Assigned task: Below are some records. Retype exactly the lines from the one containing "5月10日,Twitter上" through the one containing "برگزاری مناقصه عملیات", both included, skipping every picture.

━━ Records shown ━━

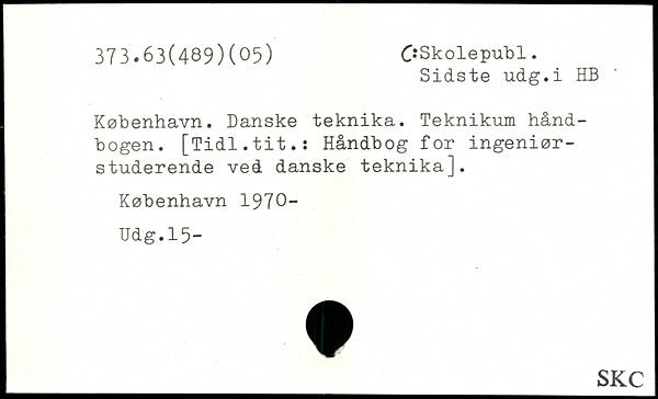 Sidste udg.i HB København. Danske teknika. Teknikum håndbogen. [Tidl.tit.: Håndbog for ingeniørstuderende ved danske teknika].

━━━
━━ Records shown ━━

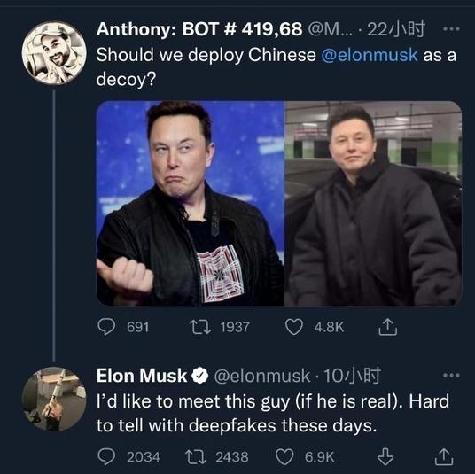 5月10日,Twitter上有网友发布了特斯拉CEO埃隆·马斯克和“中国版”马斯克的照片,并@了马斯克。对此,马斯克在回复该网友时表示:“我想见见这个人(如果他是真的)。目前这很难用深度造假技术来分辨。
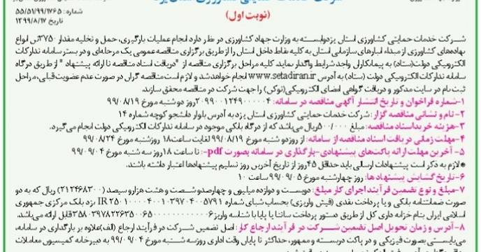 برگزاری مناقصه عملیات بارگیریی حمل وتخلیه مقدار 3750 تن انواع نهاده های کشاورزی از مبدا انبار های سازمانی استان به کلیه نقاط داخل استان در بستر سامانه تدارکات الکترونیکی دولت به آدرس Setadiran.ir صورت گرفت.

━━━
━━ Records shown ━━

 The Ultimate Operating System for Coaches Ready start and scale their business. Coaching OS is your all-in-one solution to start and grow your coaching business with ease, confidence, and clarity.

━━━

Exercise answer:
 5月10日,Twitter上有网友发布了特斯拉CEO埃隆·马斯克和“中国版”马斯克的照片,并@了马斯克。对此,马斯克在回复该网友时表示:“我想见见这个人(如果他是真的)。目前这很难用深度造假技术来分辨。
 برگزاری مناقصه عملیات بارگیریی حمل وتخلیه مقدار 3750 تن انواع نهاده های کشاورزی از مبدا انبار های سازمانی استان به کلیه نقاط داخل استان در بستر سامانه تدارکات الکترونیکی دولت به آدرس Setadiran.ir صورت گرفت.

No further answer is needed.